Мария Васильевна внесла очищенные луковицы, крупную соль в деревянной солонке, несколько ломтиков хлеба.

– Как фамилия офицера, который вам Колин орден вручал? – спросил я.

– Он не назвал себя, – ответила Мария Васильевна.

– А какой он из себя?

Хозяйка смущенно улыбнулась.

– Мне в тот день не до него было. Вроде бы среднего роста, с протезом – это я точно помню.

– Шубин! – уверенно сказал я. – Мы с ним большие друзья. Завтра обязательно навещу его.

– Не застанете, – возразила Мария Васильевна. – Говорил он, когда орден вручал, что последнюю неделю служит. На отдых его отправили – здоровье лечить.

– Да-а… – Николай Васильевич вздохнул. – Давай, солдат, помянем Колю, дружка твоего и сына нашего.

Мы выпили. Мария Васильевна пить не стала – только пригубила рюмку.

Инвалид хмелел. Его глаза затуманились, лицо покраснело. Он стал ругать какого-то Лапушкова.

– Из-за него, паразита, я ног лишился!

– Полно, отец, – сказала Мария Васильевна. – Может, не виноват он.

– Виноват! – Николай Васильевич трахнул кулаком по столу. – Я ему, обормоту, говорю: откатим орудие в кусточки – маскировка все ж, а он уперся, как баран. Тут нас и накрыло.

– Живой он остался? – спросил я.

– Кто?

– Лапушков этот.

– Навряд ли. – Николай Васильевич уронил голову на стол.

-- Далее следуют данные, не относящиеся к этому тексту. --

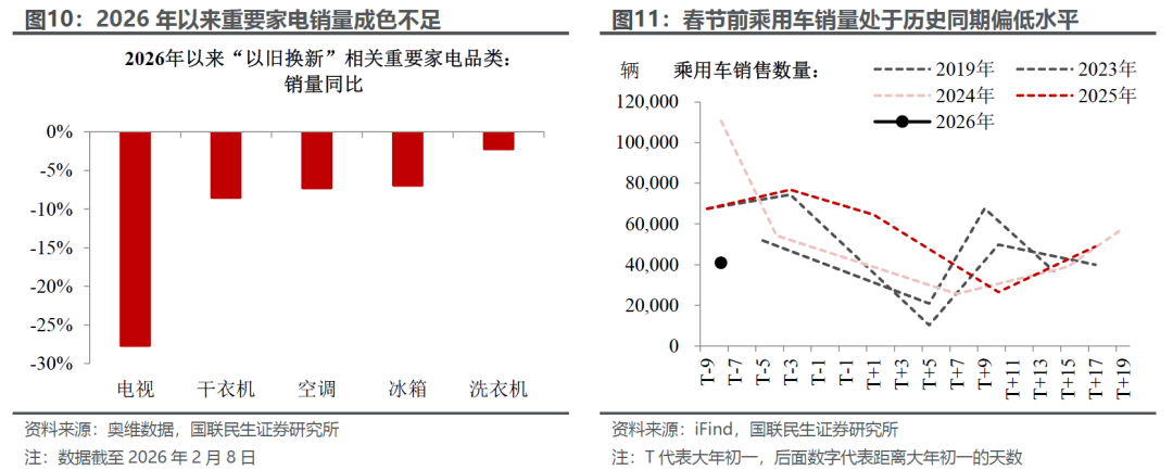 然而,并非所有领域都沐浴在“出行热”的暖阳之下,大宗消费相对“马力有限”。与出行端的“高热”形成对比,部分大宗与可选消费的复苏节奏仍显审慎分化。尽管625亿元的“以旧换新”资金已提前下达,但当前家电、汽车等品类销售仍显平缓,政策红利有待进一步释放。2026年以来重要家电销量成色不足,乘用车销量也处于历史同期偏低水平,反映居民在大件消费上的决策仍偏谨慎。

«Пора!» – подумал я. Попрощался с девочками – с каждой за руку. Оставил Марии Васильевне домашний адрес – на всякий случай.

– Заходите, – пригласила она.

– Обязательно! – Мне хотелось помочь этим людям, хотелось сделать для них все, что было в моих силах.

Петровы жили неподалеку от Зины. Я увидел ее дом и решил зайти к ней: эта девушка по-прежнему волновала меня.

32

У Зины гуляли. Посреди стола, на самом почетном месте, стояло блюдо с селедочной головой. Кружочки крупно нарезанного лука плавали в уксусе, в котором виднелись золотистые вкрапинки растительного масла. Кроме селедочной головы, картофеля, сваренного в мундире, наполовину опорожненной банки свиной тушенки, другой закуски на столе не было. Чуть в стороне от стола, на тумбочке, возвышались тарелки с объедками. Пузатые фляжки, бутылки с этикетками и без них распространяли винный запах. В комнате было накурено. Свет от оранжевого абажура с трудом пробивал мутный воздух. За столом сидели Зина с подругой и Фомин – возмужавший, располневший. В его глазах светилась бесшабашная удаль, которая появляется тогда, когда море кажется по колено, когда слова сами собой слетают с языка, когда все хорошо и хочется, чтобы было еще лучше.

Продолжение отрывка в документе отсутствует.